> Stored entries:
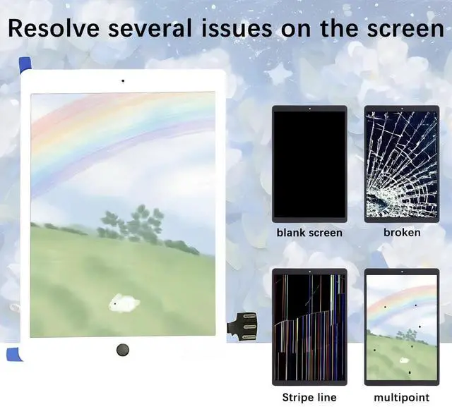 Adhesive tapeInstallation Tips: 1. If you have no experience with installing screens, it is not recommended to install screens directly. For installation, you can contact professional maintenance personnel. If you need help, please contact us. We will respond to you as soon as possible. 2. It is recommended to turn off the power supply before installation. Avoid tablet failures. 3. when replacing the LCD components. Please select the correct installation tool. And put them in the right place. Note that different screws are not suitable for all cases. Using the wrong screw can easily damage the screen. 4. The screen of the tablet is a glass product, please place the screen carefully when unpacking or installing. Do not push objects to the edge or corner of the screen. It's easy to break. Screen damage during installation that does not fall within our after-sales area. 5. Please do not bend the LCD cable too much. Over 90 can cause a black display. 6. If after installation lines appear on the screen or the screen cannot be touched.
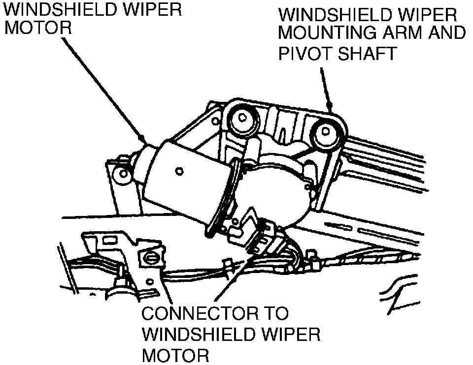 3. Disconnect the harness from the wiper motor, then the wiper motor output arm to the wiper motor crankshaft bolt.
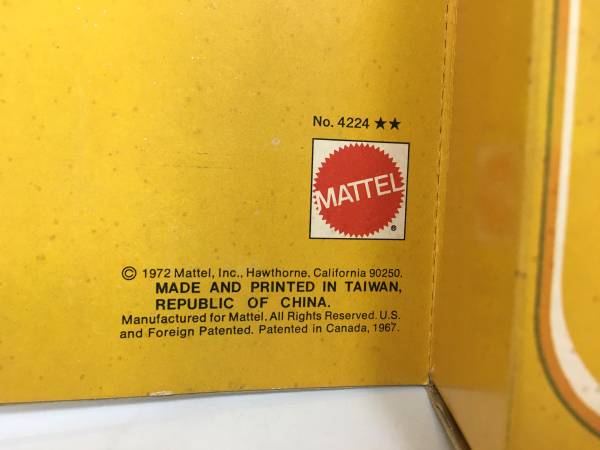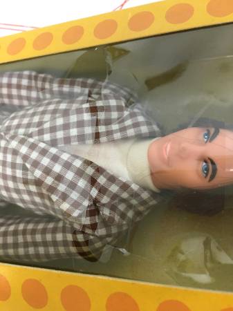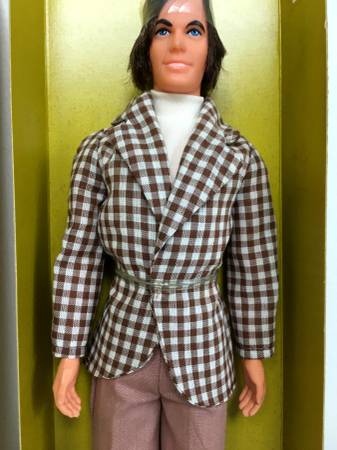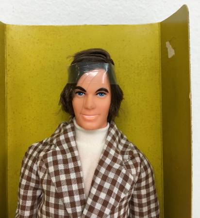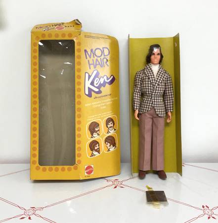 Vintage 1972 Mattel "Mod Hair Ken" Barbie Doll - This Ken doll has combable hair and includes a sheet of stickers that include a beard, sideburns and two moustaches. He is like new in his box, still attached to his packaging. The only flaws I can see are his box. It is in good condition, but not pristine. The top flap is open and bent up a bit and there is a rip in the front celophane. Model #4224. Made by Mattel. $150
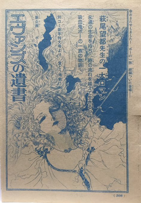 @kirisour 「エヴァンズの遺書」は雑誌連載中に読めた初めてのポーの一族だったので、残しておきました。😊前編後編共に。 お知らせイラスト
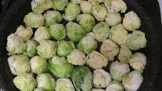 Cut the brussels sprouts in half. Put some olive oil in the pan. Place the halved sprouts flat side down.
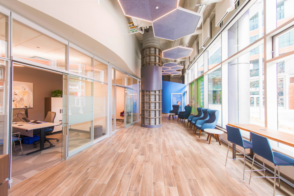 In October 2019, Assiniboine Credit Union (ACU) obtained one of the most exciting spaces in the city of Winnipeg, True North Square, which overlooks a high traffic area that frequently hosts public gatherings and sporting events on a jumbo screen. Assiniboine wanted a fresh concept from a new design partner with expertise in credit union design trends and a different perspective for the branch in this mixed-use development.
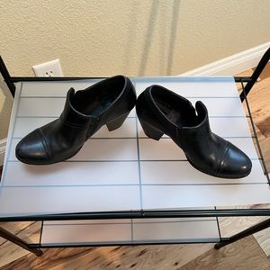BOC black leather booties. Stylish and in trend! Zippered sides for ease of putting on. 3” heel. Worn once
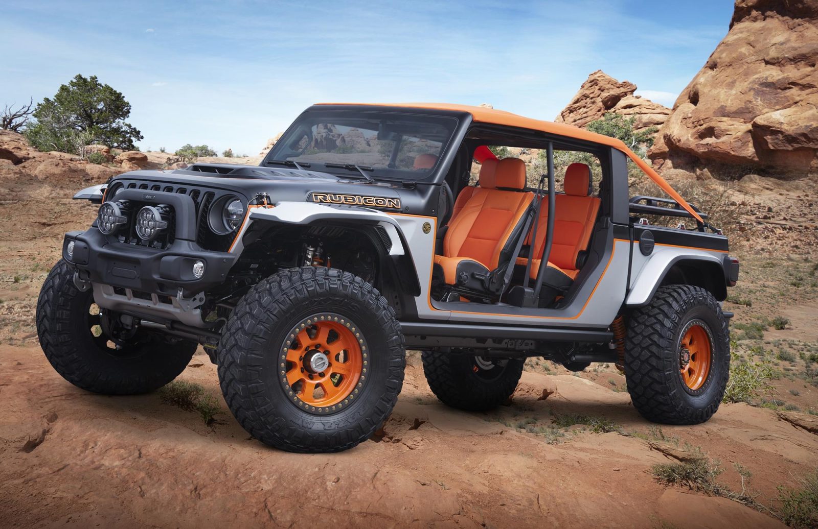 The modified four-door Wrangler Rubicon 392 features an active dual-mode performance exhaust that switches between wild and outrageous, a performance hood with center scoop, custom-built half doors and Sky One-touch powertop with removable side panels for open-air freedom.

> WORK TASK: Hand back the data exactly as it appears, with all pictures cut.

> FINAL ANSWER:
 Adhesive tapeInstallation Tips: 1. If you have no experience with installing screens, it is not recommended to install screens directly. For installation, you can contact professional maintenance personnel. If you need help, please contact us. We will respond to you as soon as possible. 2. It is recommended to turn off the power supply before installation. Avoid tablet failures. 3. when replacing the LCD components. Please select the correct installation tool. And put them in the right place. Note that different screws are not suitable for all cases. Using the wrong screw can easily damage the screen. 4. The screen of the tablet is a glass product, please place the screen carefully when unpacking or installing. Do not push objects to the edge or corner of the screen. It's easy to break. Screen damage during installation that does not fall within our after-sales area. 5. Please do not bend the LCD cable too much. Over 90 can cause a black display. 6. If after installation lines appear on the screen or the screen cannot be touched.
 3. Disconnect the harness from the wiper motor, then the wiper motor output arm to the wiper motor crankshaft bolt.
 Vintage 1972 Mattel "Mod Hair Ken" Barbie Doll - This Ken doll has combable hair and includes a sheet of stickers that include a beard, sideburns and two moustaches. He is like new in his box, still attached to his packaging. The only flaws I can see are his box. It is in good condition, but not pristine. The top flap is open and bent up a bit and there is a rip in the front celophane. Model #4224. Made by Mattel. $150
 @kirisour 「エヴァンズの遺書」は雑誌連載中に読めた初めてのポーの一族だったので、残しておきました。😊前編後編共に。 お知らせイラスト
 Cut the brussels sprouts in half. Put some olive oil in the pan. Place the halved sprouts flat side down.
 In October 2019, Assiniboine Credit Union (ACU) obtained one of the most exciting spaces in the city of Winnipeg, True North Square, which overlooks a high traffic area that frequently hosts public gatherings and sporting events on a jumbo screen. Assiniboine wanted a fresh concept from a new design partner with expertise in credit union design trends and a different perspective for the branch in this mixed-use development.
BOC black leather booties. Stylish and in trend! Zippered sides for ease of putting on. 3” heel. Worn once
 The modified four-door Wrangler Rubicon 392 features an active dual-mode performance exhaust that switches between wild and outrageous, a performance hood with center scoop, custom-built half doors and Sky One-touch powertop with removable side panels for open-air freedom.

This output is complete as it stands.